Alternatively, if you prefer the Token Bucket Algorithm the flood-protection module may be preferable but being mindful no IP address restrictions are in place.
You will also need to limit the number of connected sessions can exist in your server from a specific IP address.
var ipPool = {};
var limit = 100; // allow 100 connections from an IP address
io.on('connection', (socket) => {
ipPool[socket.ipAddress] = ipPool[socket.ipAddress] + 1 || 1;
if(ipPool[socket.ipAddress] >= limit){
socket.emit("Too many connections from this IP address");
socket.disconnect();
return;
}
}
And we have to remember to reduce the value on disconnect..
io.on('disconnect', (socket) => {
if(ipPool[socket.ipAddress]) {
ipPool[socket.ipAddress] = ipPool[socket.ipAddress] - 1;
}
}
Finally you will need to stop new connections (ideally just to this node process)once you are at a specific counter or known restriction when your CPU will hit a specific threshold, for example ~50%. In Etherpad we found that once our pendingEdits value hits 50 then the CPU gets to roughly 50. Letting it run up to 100 edits means Etherpad is unavailable. So once we get to 50 pendingEdits on a single node we reject new connections.
io.on('connection', (socket) => {
if(pendingEdits >= 50) {
socket.emit("Server busy");
socket.disconnect();
}
}
For all of the above examples where you limit by IP, you may want to allow for a whitelist of IP addresses which will not be rejected.

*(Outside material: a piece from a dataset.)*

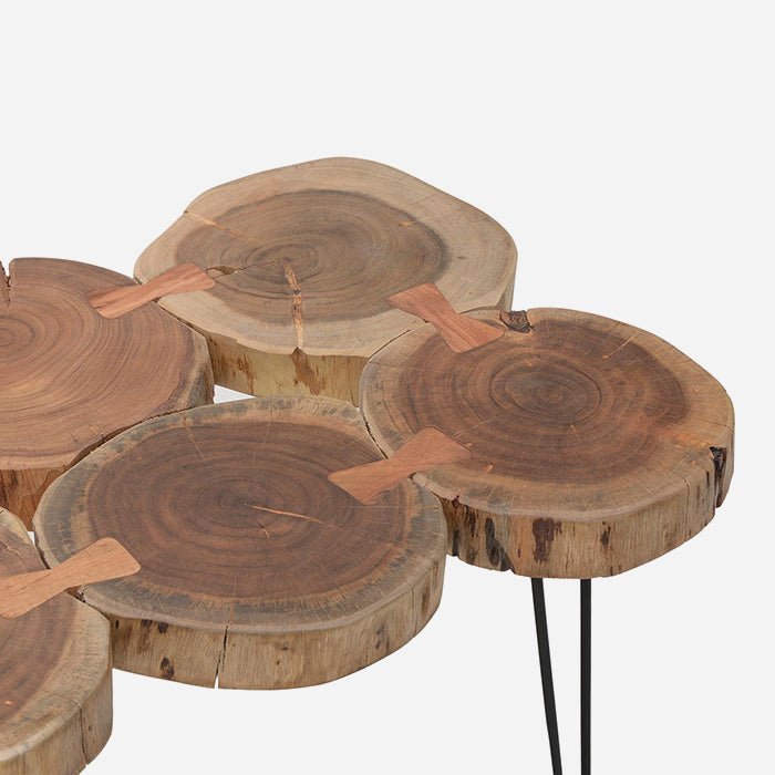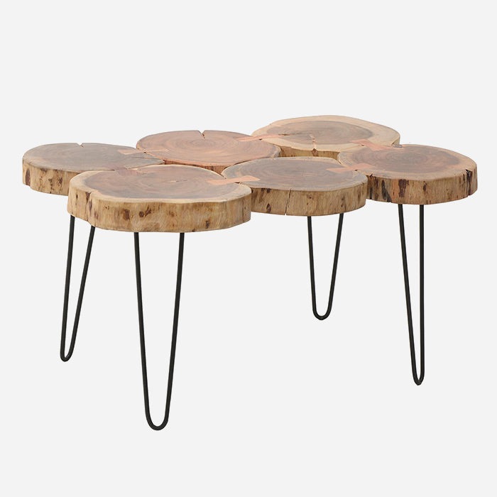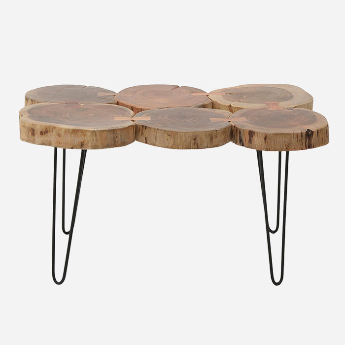 Käsintehty puinen ja metallinen sohvapöytä.

So to summarize with the three steps above we have.
- Rate Limited the amount of socket IO messages we send based on IP Address.
- Only allowed up to 100 connections established per IP address.

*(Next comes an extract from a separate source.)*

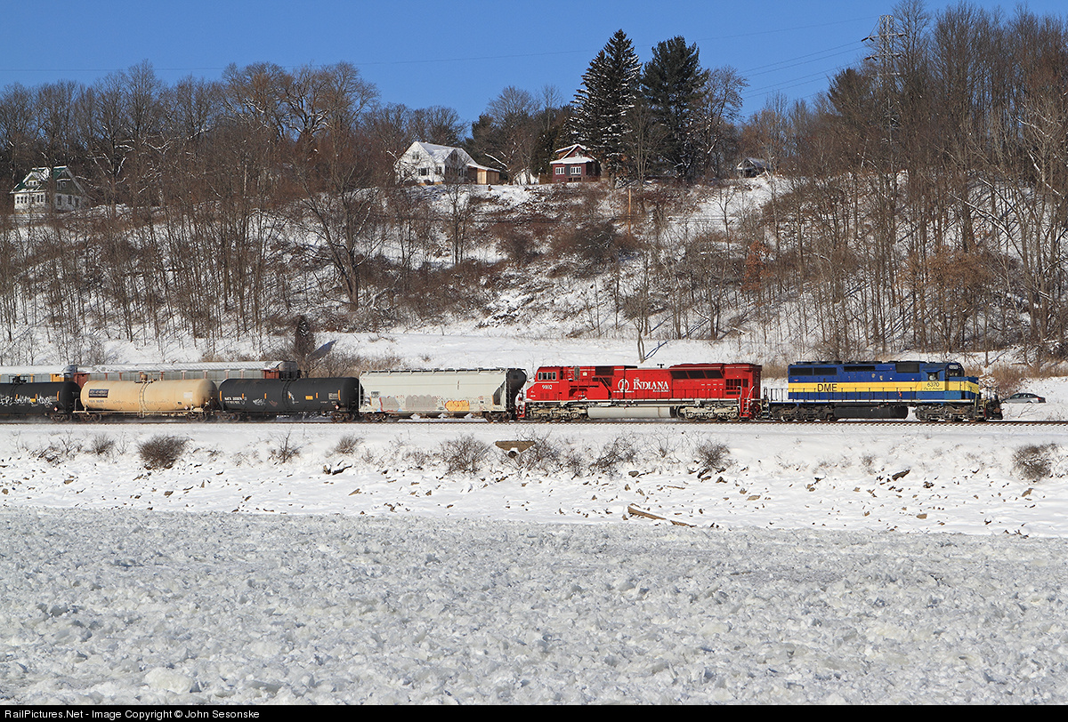| A loaded ethanol train rolls along an ice choked Mohawk River at Lock 10 on its way to a layover at Selkirk Yard prior to heading for its New Jersey destination. DM&E "City of Arlington" leads a very rare visitor to these parts, Indiana Railroad SD9043MAC #9002. |

- Stopped new connections once the node instance hits a specific threshold.
Considering remaining DoS vectors.
An attacker could have a bunch of IP addresses.
Assuming:
- a = 100 connections are allowed per IP address
- b = 5 messages are allowed per second
If we use the formula a * b = c where c is the amount of messages per second a single IP address has created we can see that this single IP address can make 500 messages per second.
We know that a rough benchmark for number of messages per second processable by SocketIO is somewhere in the region of 10,000. So now we can see that with 20 IP addresses an attacker could perform a DoS on this node instance. This is somewhat mitigated by our pendingEdits check but this will still provide a poor UX due to new users being unable to use our web app (existing users will continue to function).

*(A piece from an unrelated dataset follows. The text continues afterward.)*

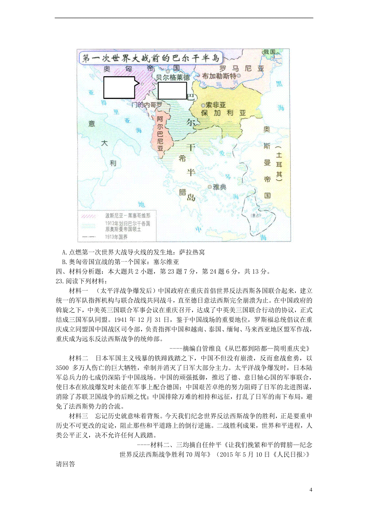 下载重庆市2015年中考历史真题试题(B卷,含答案)PDF格式或doc

Setting the a value less than 100 might restrict institutions such as businesses and schools who route lots of connections through a specific IP address.
Setting the b to a lower value might break application functionality.
Is it possible to rate limit new connections
No. This gains nothing, you could have a small swarm of 100 unique IP addresses connect to an instance every 10 seconds for a 1000 seconds and you would have 100 * 100 = 100,000 connections on your instance. As soon as one message is sent to all clients your node instance would instantly be blocked and CPU core consumed.